§ **THE PROBLEM**
Everything from the first line of the data below through the line that contains "visitors of Invalidenfriedhof" should be written out exactly, please, and nothing more; the pictures stay out.

_____

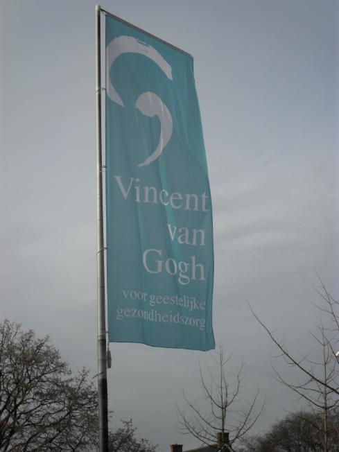 Flag of Vincent van Gogh, voor geestelijke gezondheidszorg
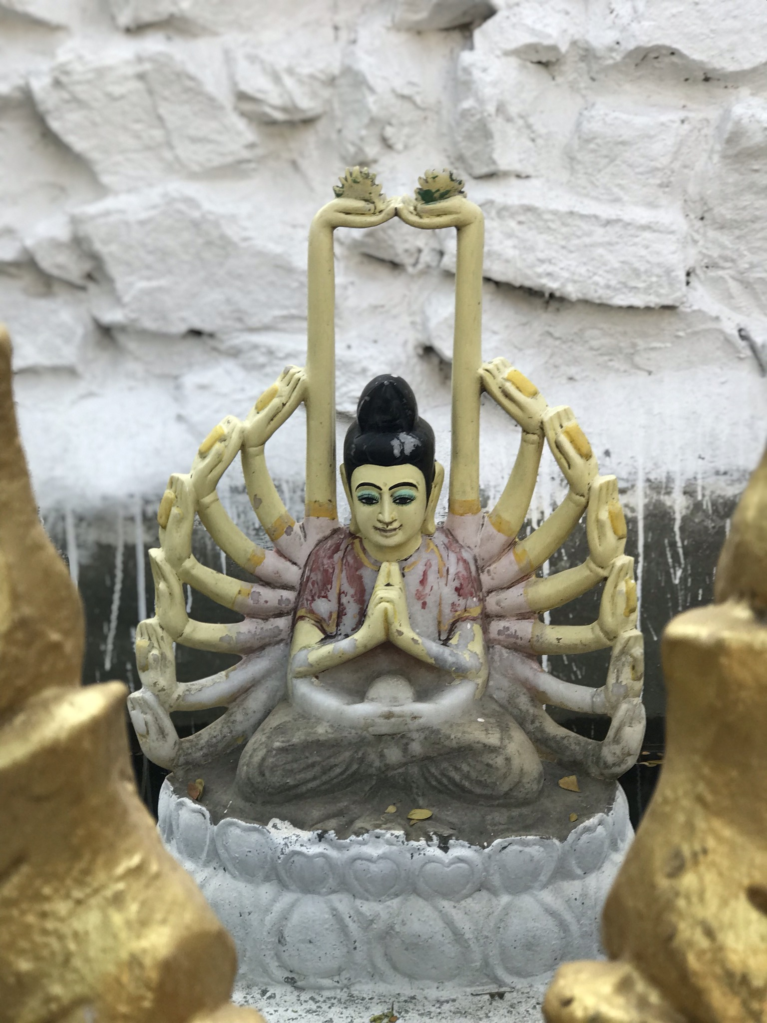 Guanyin is the Buddhist bodhisattva associated with compassion and venerated chiefly by followers of Mahayana Buddhist schools as practiced in the sinosphere.
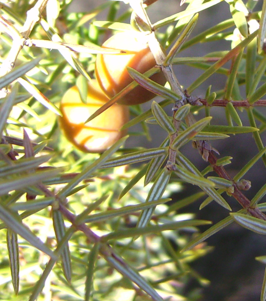 Juniperus oxycedrus, fruits in november, Castelltallat, Catalonia
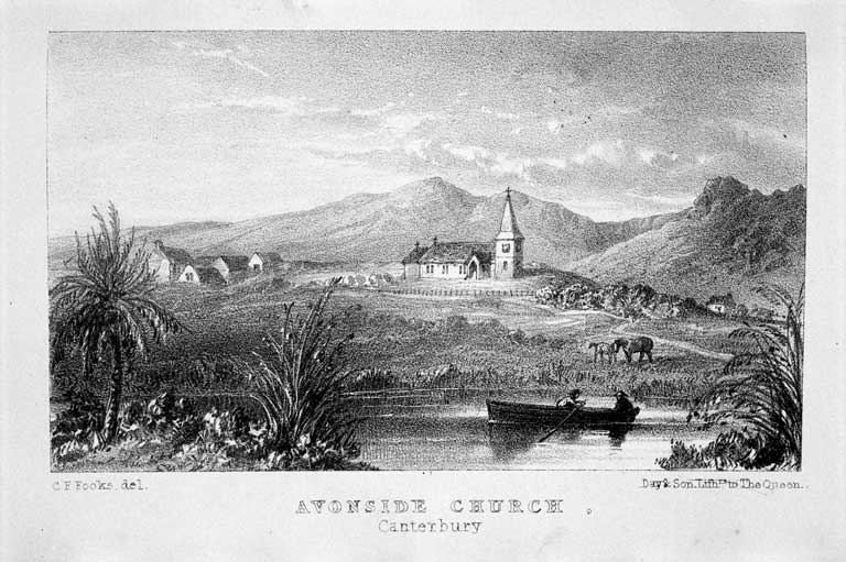 The original Holy Trinity Church, Avonside. This was built near the place on the Avon River at which boats discharged their cargoes. The architect was Charles Edward Fooks (1829-1907). It was consecrated on 24 February 1857, the first consecrated church in Canterbury. As parts of the church fell into disrepair, additions were made. Eventually the whole of the original portion was demolished. The architect of its replacement was Benjamin Woolfield Mountfort (1825-1898).
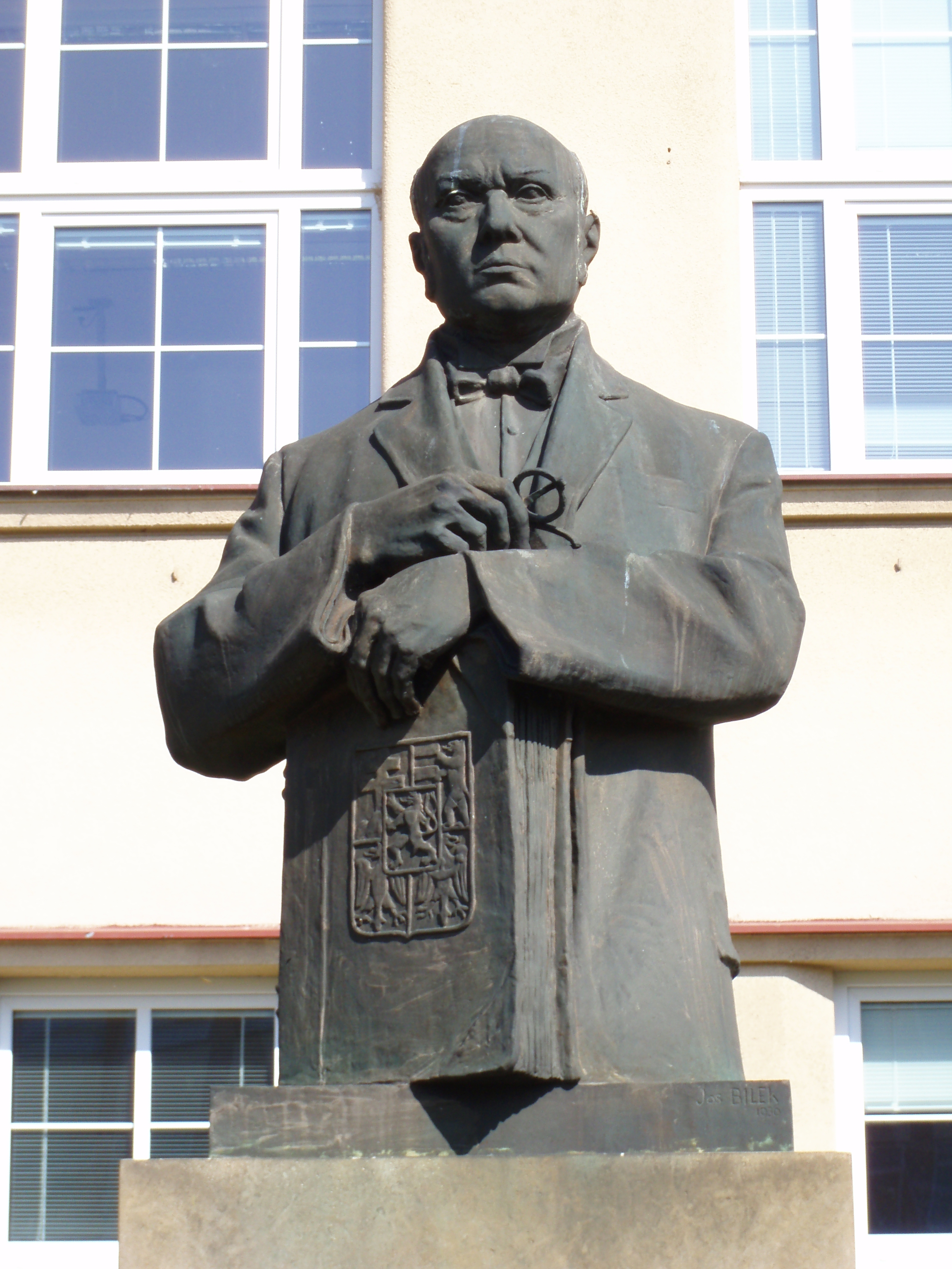 A. Švehla Monument (Hradec Králové)
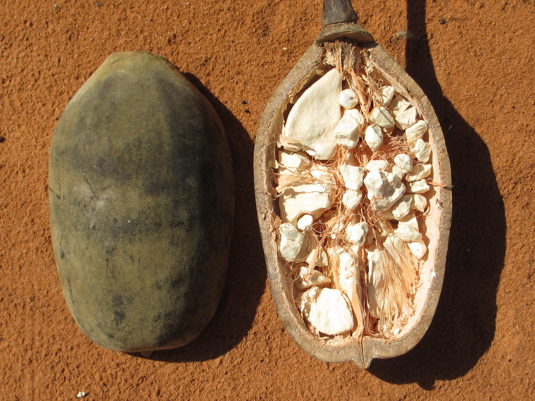 This baobab fruit was bought in the market of Pemba town, northern Mozambique.
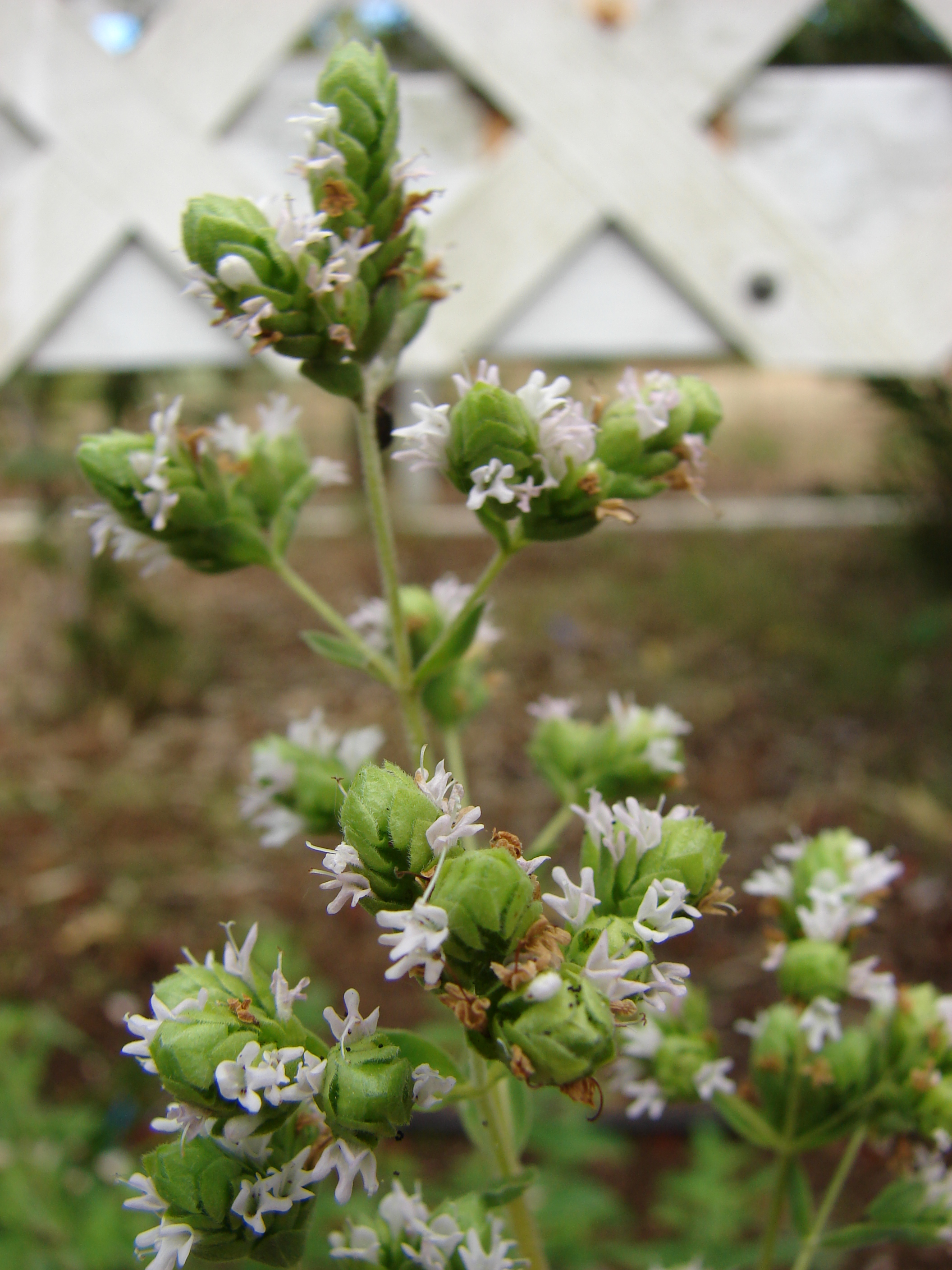 Origanum majorana (flowering habit). Location: Maui, Enchanting Gardens of Kula
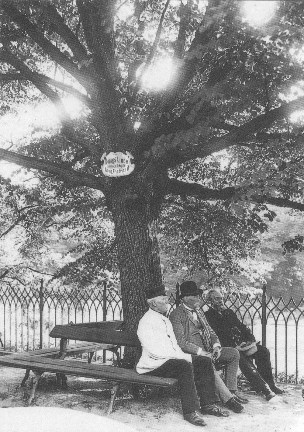 visitors of Invalidenfriedhof cemetery in Berlin in 1897; the plaque dedicates the linden tree to King Fredrick II. of Prussia
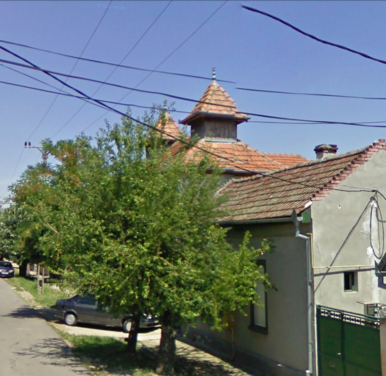 Arad Parneava Gheorghe Doja
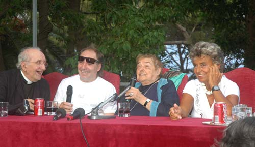 Don Andrea Gallo, Vasco Rossi, Fernanda Pivano, Fiorella Minervino
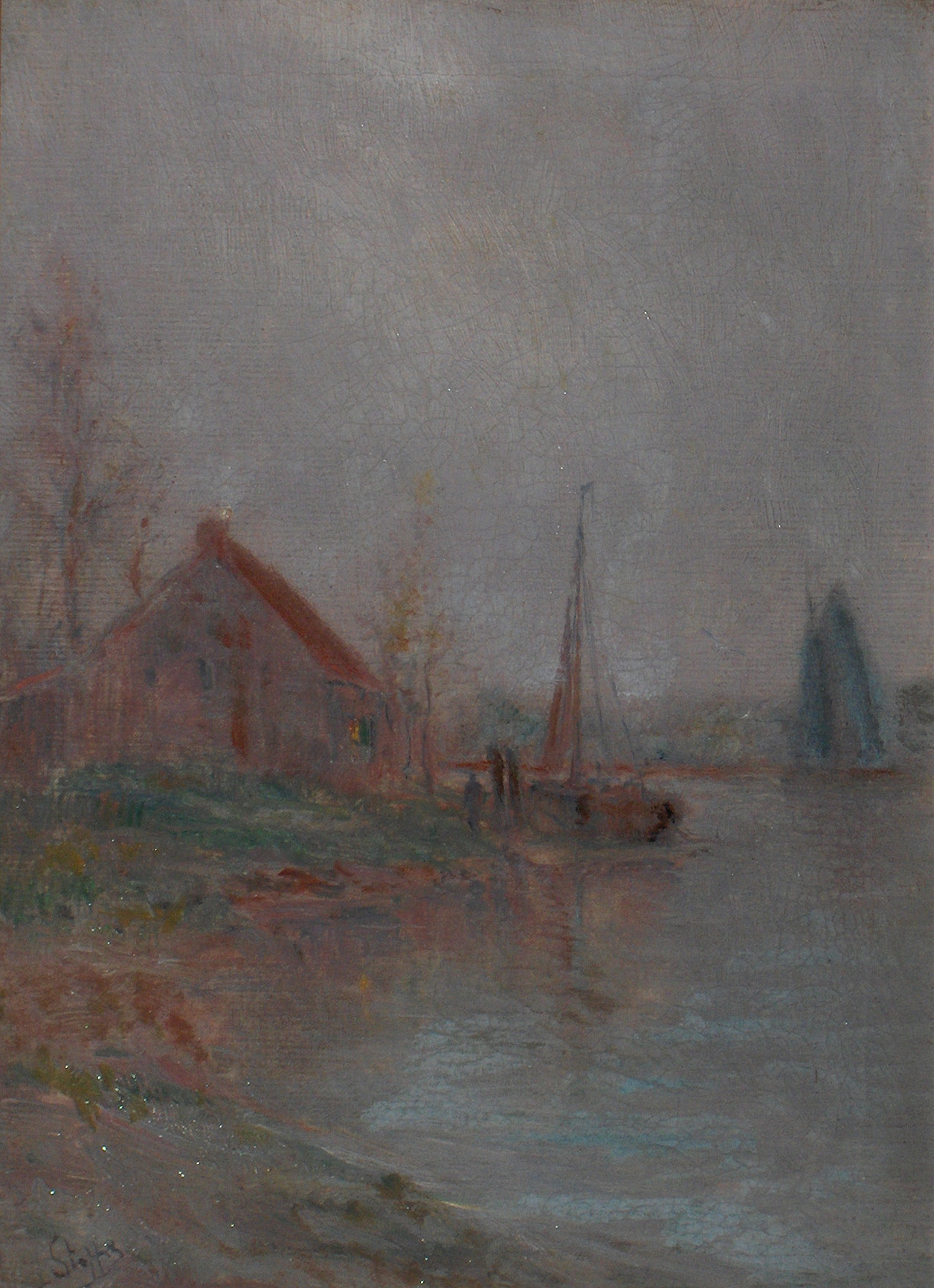 "Morning fog over the River Schelde" by Romain Steppe (1859-1927); oil painting on canvas; private collection
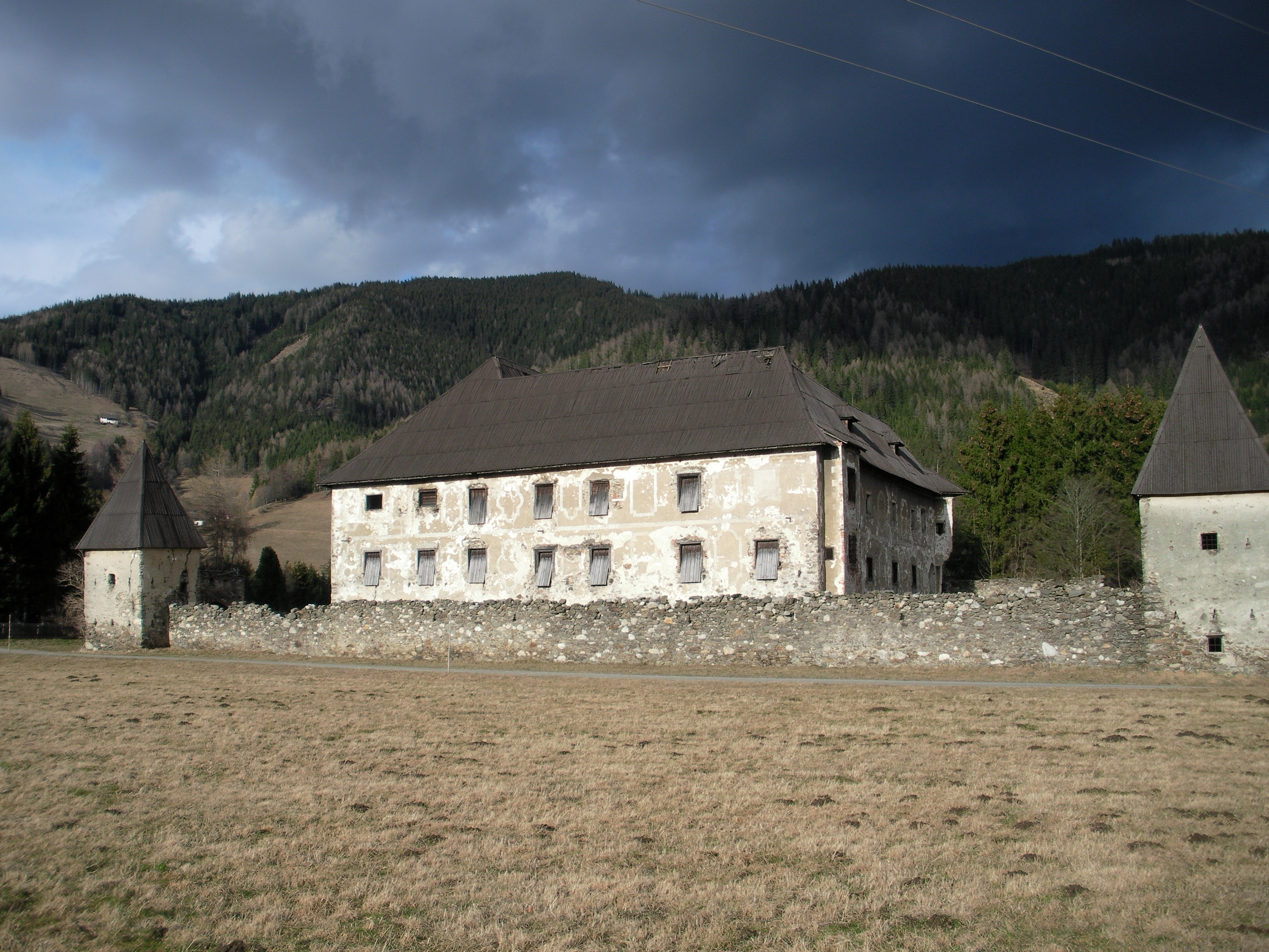 Castle Hanfelden, Unterzeiring, located on the south side of Triebener Tauern, in the midst of a vast plateau.
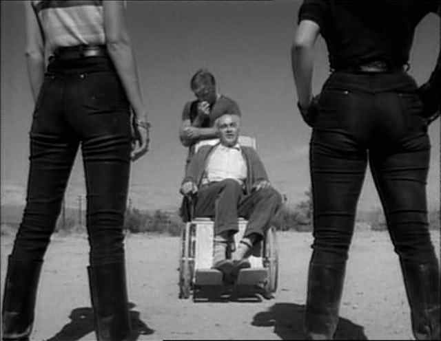 Faster, Pussycat! Kill! Kill! (1965)
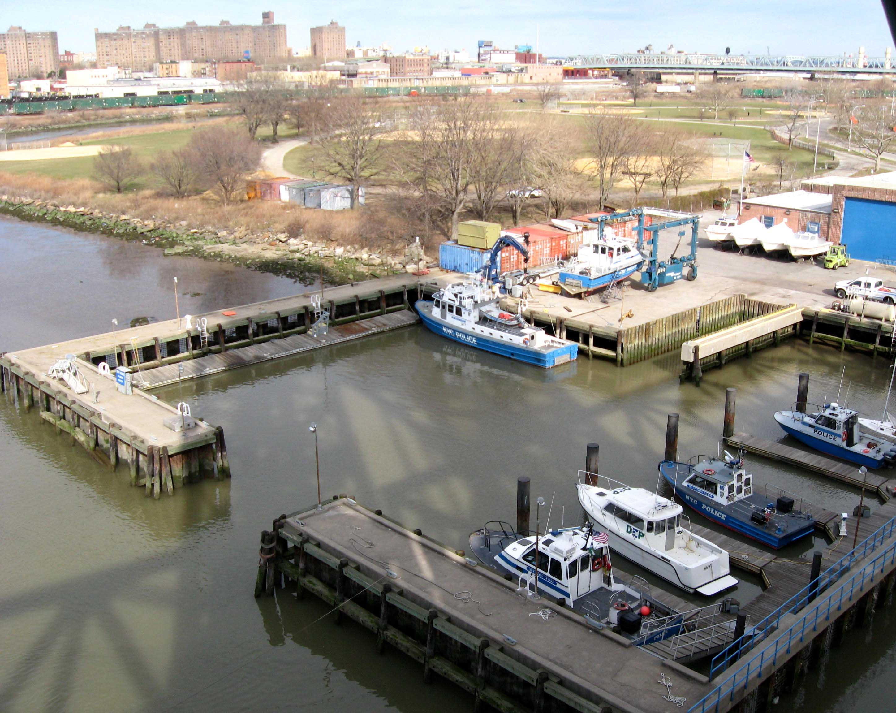 New York City Police Department Harbor Unit Launch Repair base on western Randall's Island. I took this picture from the east tower on the north walkway of Robert F. Kennedy Bridge Manhattan leg on an early spring afternoon.

_____

§ **TASK OUTPUT**
 Flag of Vincent van Gogh, voor geestelijke gezondheidszorg
 Guanyin is the Buddhist bodhisattva associated with compassion and venerated chiefly by followers of Mahayana Buddhist schools as practiced in the sinosphere.
 Juniperus oxycedrus, fruits in november, Castelltallat, Catalonia
 The original Holy Trinity Church, Avonside. This was built near the place on the Avon River at which boats discharged their cargoes. The architect was Charles Edward Fooks (1829-1907). It was consecrated on 24 February 1857, the first consecrated church in Canterbury. As parts of the church fell into disrepair, additions were made. Eventually the whole of the original portion was demolished. The architect of its replacement was Benjamin Woolfield Mountfort (1825-1898).
 A. Švehla Monument (Hradec Králové)
 This baobab fruit was bought in the market of Pemba town, northern Mozambique.
 Origanum majorana (flowering habit). Location: Maui, Enchanting Gardens of Kula
 visitors of Invalidenfriedhof cemetery in Berlin in 1897; the plaque dedicates the linden tree to King Fredrick II. of Prussia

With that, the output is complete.